For years, left tackle was viewed as the premium position along the offensive line, but center has started to emerge in a similar light, and the Eagles are certainly one of the teams to feel that way. Now, the team has the keystone of that unit locked up for a long time.
"When you talk about the center, it's really the leader of your offensive line," Roseman said. "It's the quarterback of your offensive line and there's so much responsibility on that position's shoulders. The way we look at it, it doesn't get much more important than the guy who's handling the football every play. When you talk about all the traits that he has, his fit in this offense, his fit in this building, I come down to breakfast every day and he's here, he's working – It's February – and it's because he loves to be here. He loves the game of football. He has incredible passion for this city, for this football team, and then he's explosive. He's got traits in his body, what kind of player he is, and you put all those things together and that's what we want. That's what we're trying to build a team on."

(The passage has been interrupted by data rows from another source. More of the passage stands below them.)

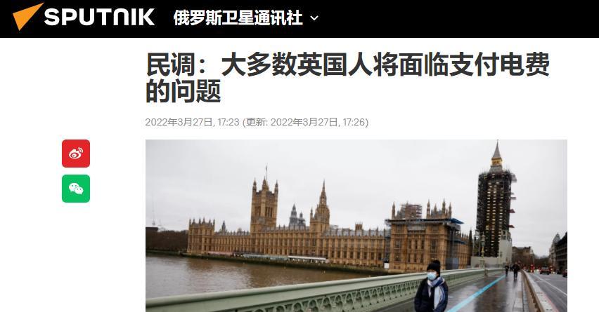 據英國《每日快報》3月26日報道,一項在英國進行的調查顯示,三分之二受訪者稱自己將無法承擔價格飈升的供暖費和電費。此前,英國天空新聞網消息稱,近日西方對俄羅斯的制裁已經開始加劇英國本就嚴重的生活成本危機。俄羅斯媒體也注意到了《每日快報》的這篇報道,“今日俄羅斯”(RT)稱,由於俄羅斯仍是歐洲最大的能源供應國,西方對俄實施的制裁會讓情況進一步惡化。
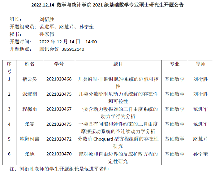 2022.12.14 数学与统计学院2021级基础数学专业硕士研究生开题公告
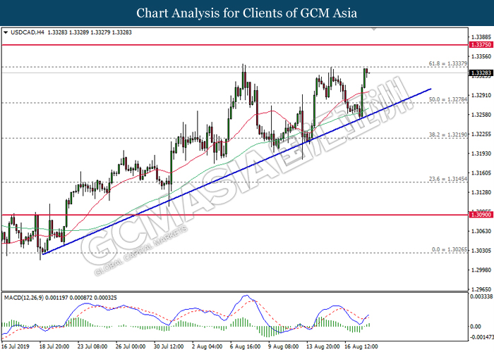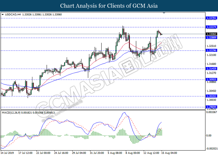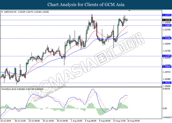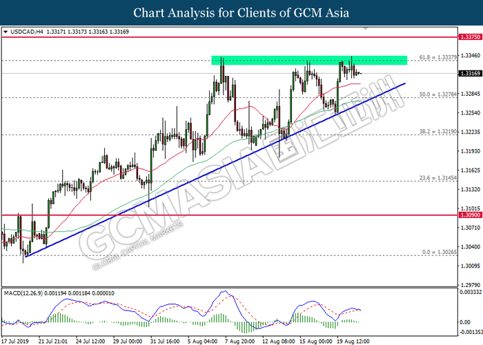 USDCAD, H4: USDCAD was traded lower following prior retracement from its high level. MACD which display diminishing bullish momentum suggest the pair to extend its retracement towards the support level 1.3290.

It has been quite the journey for Kelce to make it to this point. Though undersized at about 6-foot-3 and 280 pounds, he had one of the most remarkable NFL Scouting Combine performances for an offensive lineman in history. Kelce's testing, along with the tape to back it up, greatly appealed to then-offensive line coach Howard Mudd, who, in his first season with the Eagles, was looking for the next Jeff Saturday. Kelce fit the bill from an athletic and intelligence standpoint and impressed teams in interviews, as well.

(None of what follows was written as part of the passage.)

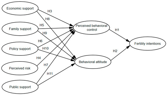 Therefore, research hypotheses H3-H11 are proposed, and a theoretical model of the fertility intentions of women of childbearing age is constructed, as shown in Figure 4.
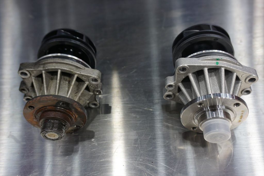 こちらも漏れ出すと一気に噴き出す事があるので要注意。ウォーターポンプを取り外し、オイルストーンで装着面に残ったガスケット跡を落として表面を綺麗に整えておきます。新旧のウォーターポンプ。

The Eagles selected Kelce in the sixth round (191st overall) of the 2011 NFL Draft out of Cincinnati, and he wasted no time making his mark. He won the starting center job over veteran incumbent Jamaal Jackson in Training Camp and helped pave the way for running back LeSean McCoy to break the franchise record for single-season rushing touchdowns with 17. On a line that featured a host of veterans, Kelce emerged as a leader and showed he could be one of the best at his position in the league.
Heading in the 2012 season, Kelce appeared poised to build on his encouraging rookie season. In the home opener – the second game of the season – against the Baltimore Ravens, however, Kelce's season was ended prematurely when he suffered a torn ACL. The offensive line, which was already without All-Pro tackle Jason Peters because of a torn Achilles' tendon, struggled mightily without its leader in the middle and was a major reason for the team's poor performance as a whole.

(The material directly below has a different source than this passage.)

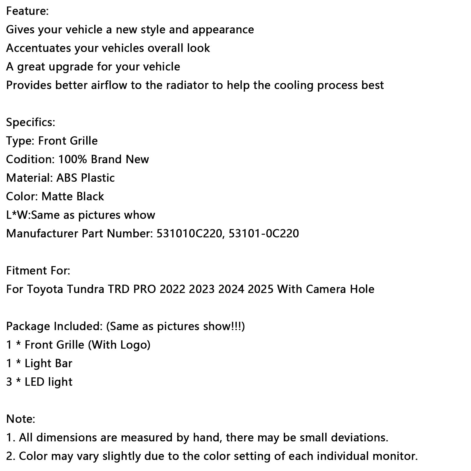 Matte Black Front Grill Grille 53101-0C220 Fit Toyota Tundra 2022-2025 TRD PRO

Kelce attacked his rehab vigorously and was 100 percent healthy and ready to participate in Training Camp last summer, the first under new head coach Chip Kelly. The center, now listed at 295 pounds, picked up right where he left off and reestablished himself as one of the NFL's preeminent centers. As the season went on, he started to trust his knee more and more and that trademark athletic ability – combined with his naturally nasty on-field demeanor – displayed itself whenever he was asked to block in space and move to the second level.
Now, as Kelce enters his second full year in Kelly's program, he is exceedingly optimistic about the direction of the franchise – and he knows his fellow teammates are, too.
"I haven't been this excited for a football season since I can remember," Kelce said. "With the way we ended it, with the way everything looks like it's headed, the genuine enthusiasm that everybody has. This is an exciting time to be a Philadelphia Eagle."